OR-1 CPU - dfasm Assembler Architecture#

Covers the asm/ package: pipeline structure, IR design, pass architecture, code generation modes, and key implementation decisions.

See architecture-overview.md for the target hardware model. See dfasm-primer.md for the language itself.

Role#

The assembler translates dfasm source into emulator-ready configuration objects (PEConfig, SMConfig, seed tokens) or a hardware-faithful bootstrap token sequence. It bridges the gap between human-authored dataflow graph programs and the structures the emulator (and eventually hardware) consumes.

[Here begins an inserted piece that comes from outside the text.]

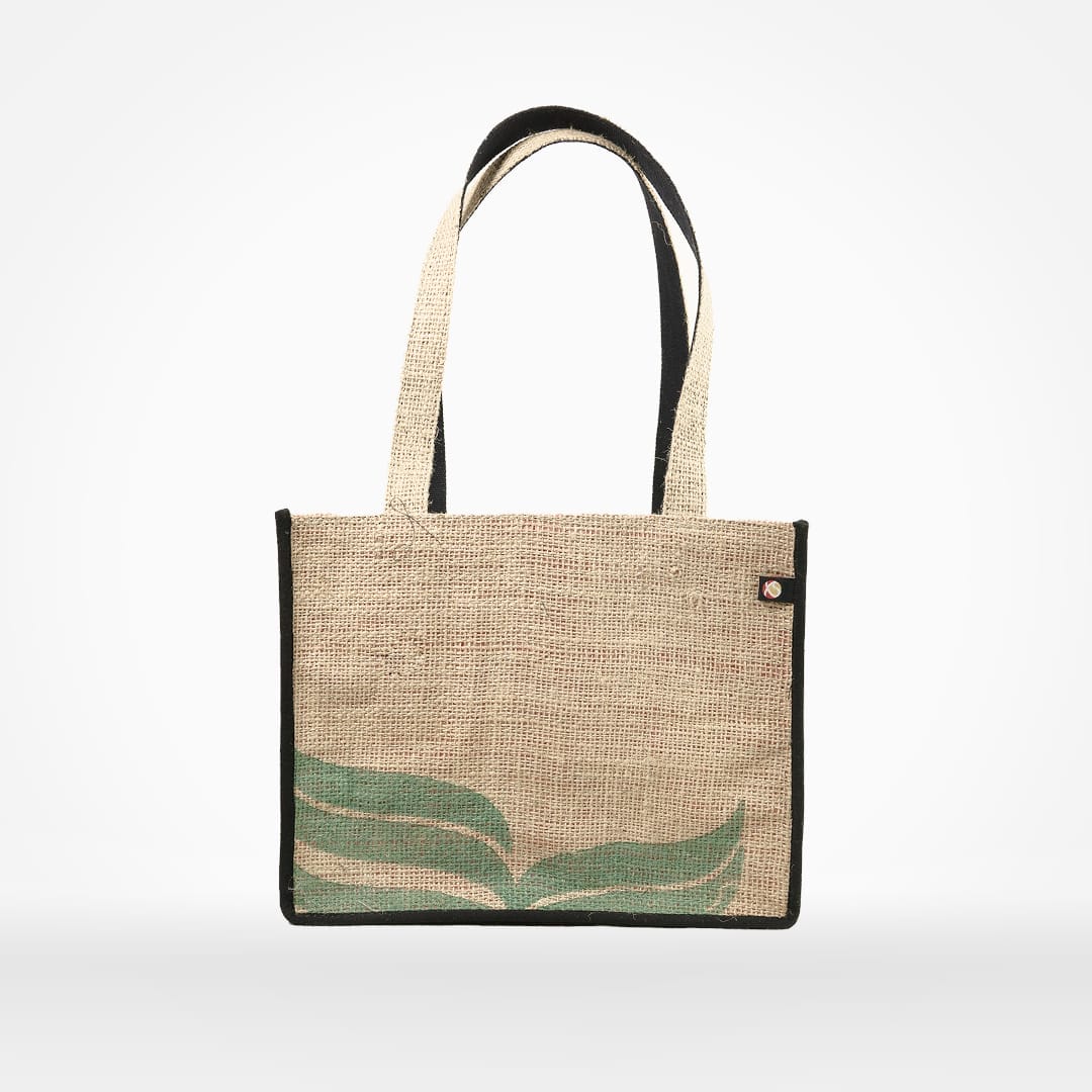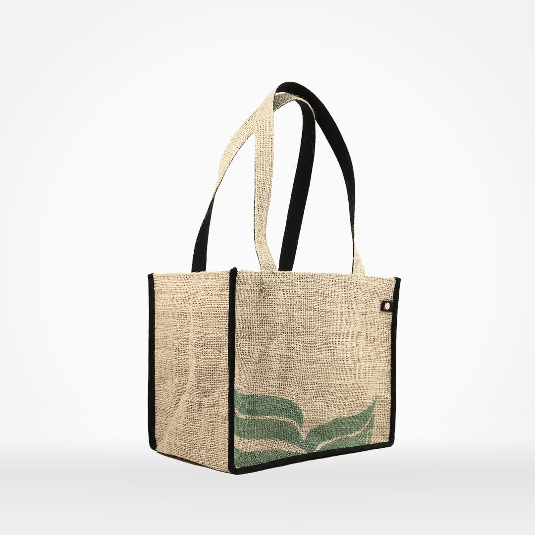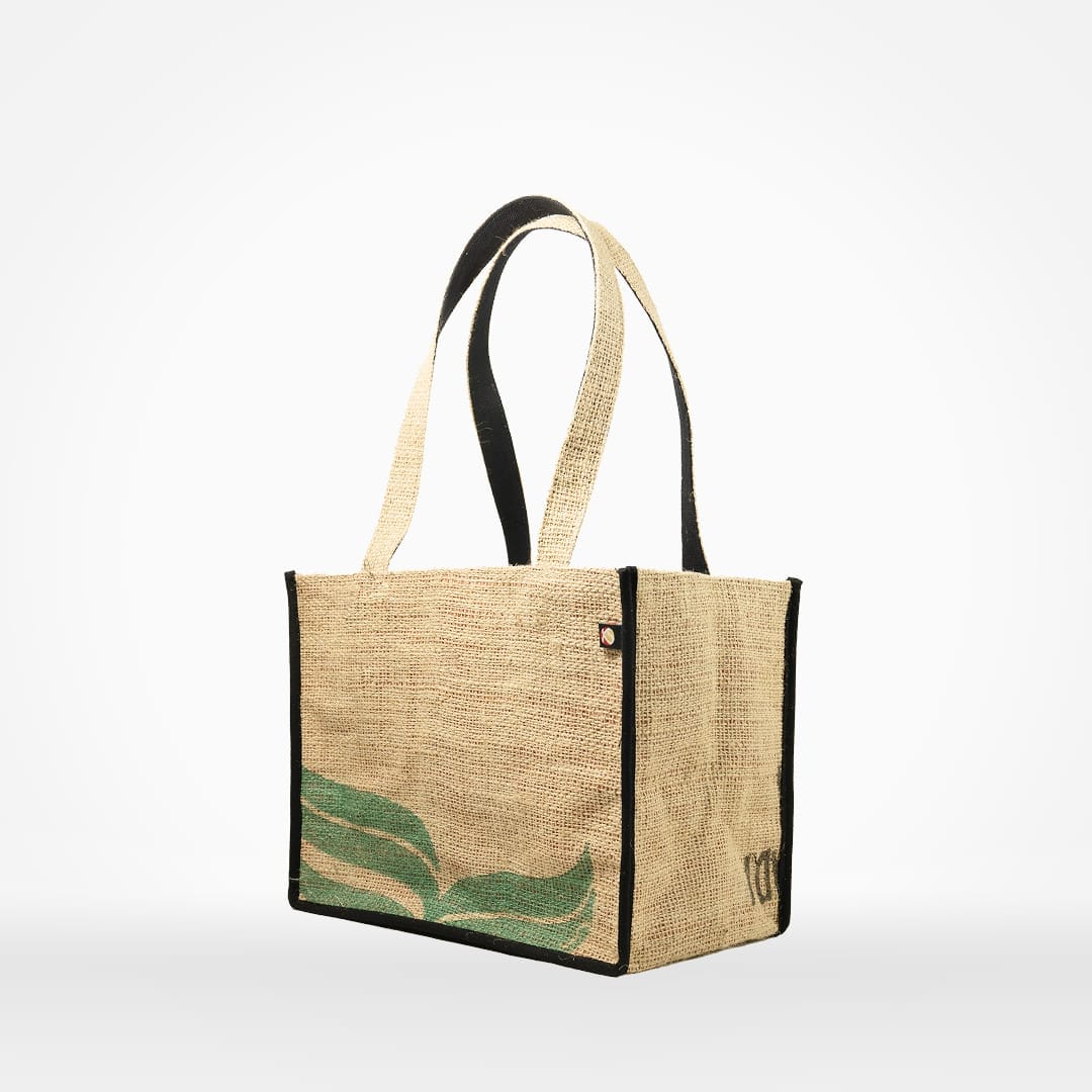 Made from hessian sack, an attractive and sustainable material. Comes with polyester handles.

The assembler does NOT (currently) optimize. It does not reorder instructions for performance, fuse operations, or eliminate redundant sub-graphs. It is a faithful translator: the graph you write is the graph you get. Future optimization passes may be inserted between resolve and place, but the current pipeline is intentionally thin. Correctness first, cleverness later.

Pipeline Overview#

Seven stages, each a pure function from IRGraph → IRGraph (or IRGraph → output).

The pipeline is:

dfasm source
    │
    ▼
  Parse       Lark/Earley parser, dfasm.lark grammar
    │          → concrete syntax tree (CST)
    ▼
  Lower       CST → IRGraph (nodes, edges, regions, data defs,
    │            macro defs, macro calls, call sites)
    │          → name qualification, scope creation
    ▼
  Expand      macro expansion + function call wiring
    │          → clone macro bodies, substitute params, evaluate
    │            const expressions, wire cross-context call edges
    ▼
  Resolve     validate edge endpoints, detect scope violations
    │          → "did you mean" suggestions via Levenshtein distance
    ▼
  Place       assign PEs to unplaced nodes
    │          → greedy bin-packing with locality heuristic
    ▼
  Allocate    assign IRAM offsets, context slots, resolve addresses
    │          → dyadic-first layout, per-PE context scoping
    ▼
  Codegen     emit PEConfig/SMConfig + seeds (direct mode)
              or SM init → IRAM writes → seeds (token mode)

Each pass returns a new IRGraph. Graphs are never mutated after construction, each pass produces a fresh copy with the new information filled in. Errors accumulate in IRGraph.errors rather than failing fast, so the assembler reports all problems in a single pass rather than forcing the programmer to fix them one at a time.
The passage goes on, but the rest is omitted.